At Scale, Rare Events Aren’t Rare

CJefferson · on April 5, 2017

One quote I've heard, that i find helps non-experts:

You don't have to personally prepare for winning the lottery, but the lottery has to prepare for somebody winning.

kyleschiller · on April 5, 2017

As a pretty good rule of thumb, a system that fails 1/nth of the time and has n opportunities to fail has ~.63 probability of failure, where n is more than ~10.

Graph: http://www.meta-calculator.com/online/?panel-102-graph&data-...

szemet · on April 5, 2017

And this is the generalization: https://en.m.wikipedia.org/wiki/Poisson_limit_theorem

obstinate · on April 5, 2017

Or as my first boss and mentor had a habit of saying, when you run a billion trials, one in a million events will happen about a thousand times.

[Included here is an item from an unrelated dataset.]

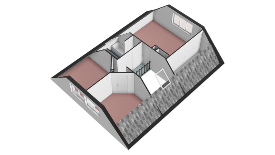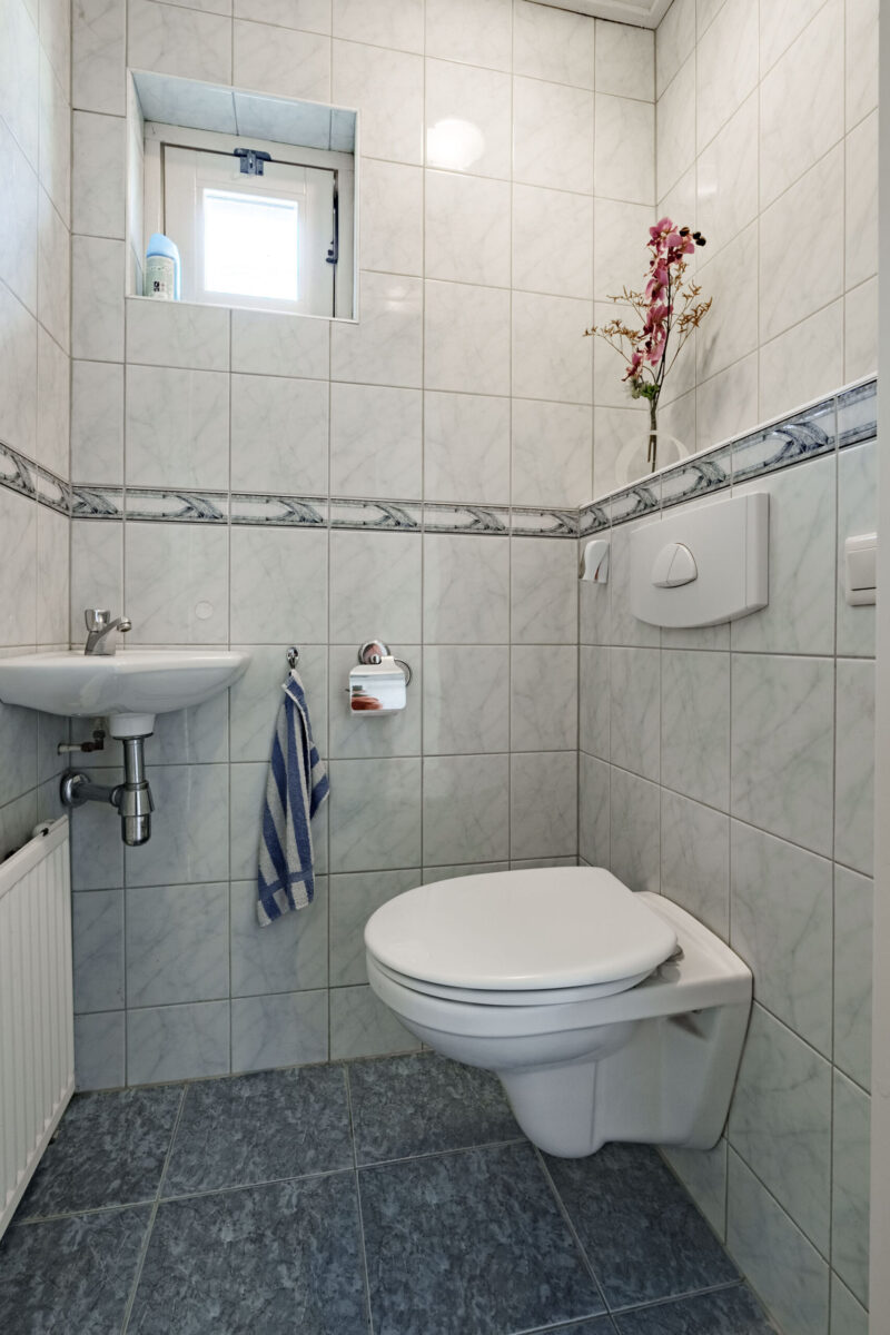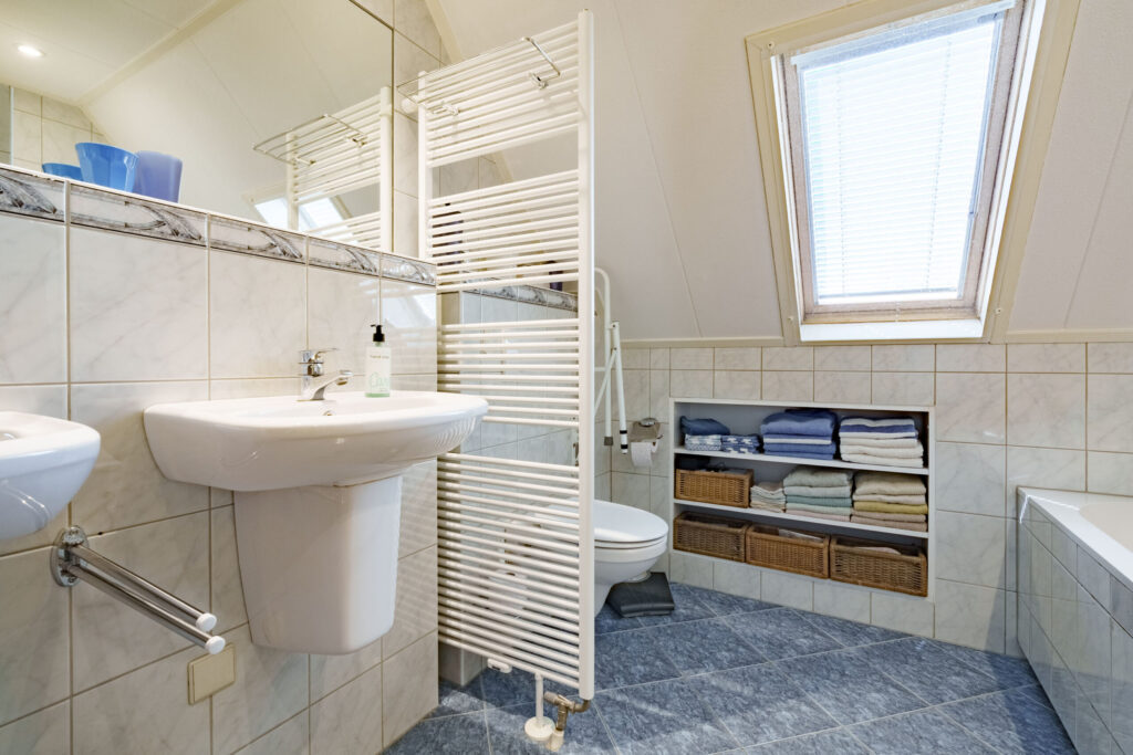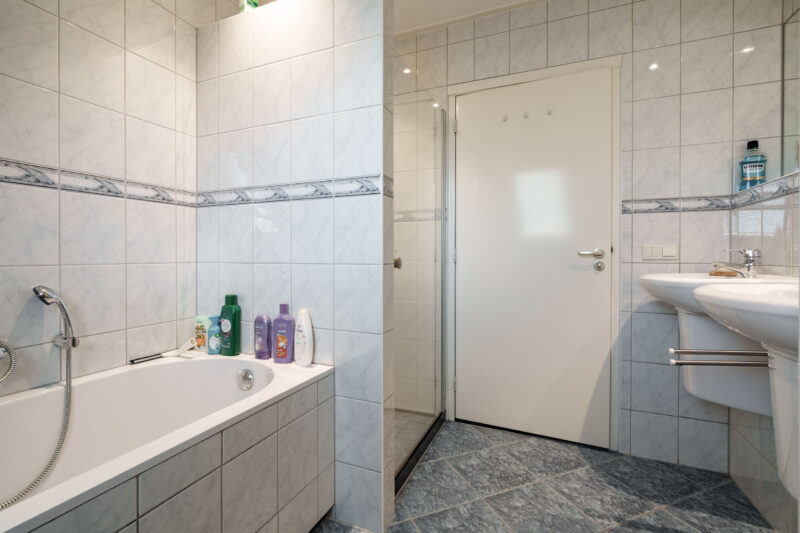 Verdieping: overloop met dakraam, royale slaapkamer (ca. 20 m²) met praktische opbergruimte achter schuifwandkasten. Badkamer met een dakraam, ligbad, separate douchehoek, dubbele wastafels en een tweede toilet, slaapkamer 2 en slaapkamer 3.

Rainymood · on April 5, 2017

Very nice rule of thumb, honestly I did not expect it to (sort of) converge to ~63%. Does anyone have some intuition for this?

pedrosorio · on April 5, 2017

If a system has probability 1/n to fail, then it has probability 1 - 1/n to not fail. The probability it will not fail after n trials is (1 - 1/n) ^ n. The limit of this quantity when n->+inf is 1/e.

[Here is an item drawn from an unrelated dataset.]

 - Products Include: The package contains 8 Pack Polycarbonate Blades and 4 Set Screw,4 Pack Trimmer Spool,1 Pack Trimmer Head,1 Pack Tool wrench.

If you want to know the probability it will fail, just take 1 - probability_success = 1 - 1/e.

SamReidHughes · on April 5, 2017

I'd say, hey, how do you calculate (1-h)^k? First take the natural log: ln((1-h)^k) = k ln(1-h) = -kh. And then exponentiate back up: e^(-kh). (For small values of h, ln(1-h) = -h by linear approximation.) (Edit: Wiped out looong comment.)

stavros · on April 5, 2017

I think by "intuition" the GP meant "for the non-mathematicians" :P

pc86 · on April 5, 2017

It's always amusing when someone asks for a layman/non-math/intuitive reason why something works out and HN responds with a 3-paragraph long proof that seems to always require university-level math. And it seems those comments almost invariably start with "Oh, you just..."

TeMPOraL · on April 5, 2017

'pedrosorio gave a nice one upthread[0].

Ultimately, it's hard to give a math-free explanation for something that comes out straight from math. If you break down an explanation into small enough steps, they should be comprehensible for anyone even if they have to take some steps on faith.

--

[0] - https://news.ycombinator.com/item?id=14040434

stavros · on April 5, 2017

He did, yes, I was just amused by the GP's answer!

sokoloff · on April 5, 2017

Reminds me of my favorite "HN isn't the normal world" exchange:

https://news.ycombinator.com/item?id=35079

pc86 · on April 5, 2017

In a sibling thread on that page:

    cperciva 3548 days ago [-]

    That is my startup idea. I don't want to take this 
    thread even more off-topic (if that's even possible), 
    but please feel free to contact me at the address in 
    that first post to explain why you think it is a bad 
    idea.
 	
      dhouston 3548 days ago [-]

      we're in a similar space -- http://www.getdropbox.com 
      (and part of the yc summer 07 program) basically, 
      sync and backup done right (but for windows and os 
      x). i had the same frustrations as you with existing
      solutions. let me know if it's something you're 
      interested in, or if you want to chat about it 
      sometime.

      drew (at getdropbox.com)

lsd5you · on April 5, 2017

10 machines with a 10% chance of failure roughly equal to 100 machines with a 1% of failure.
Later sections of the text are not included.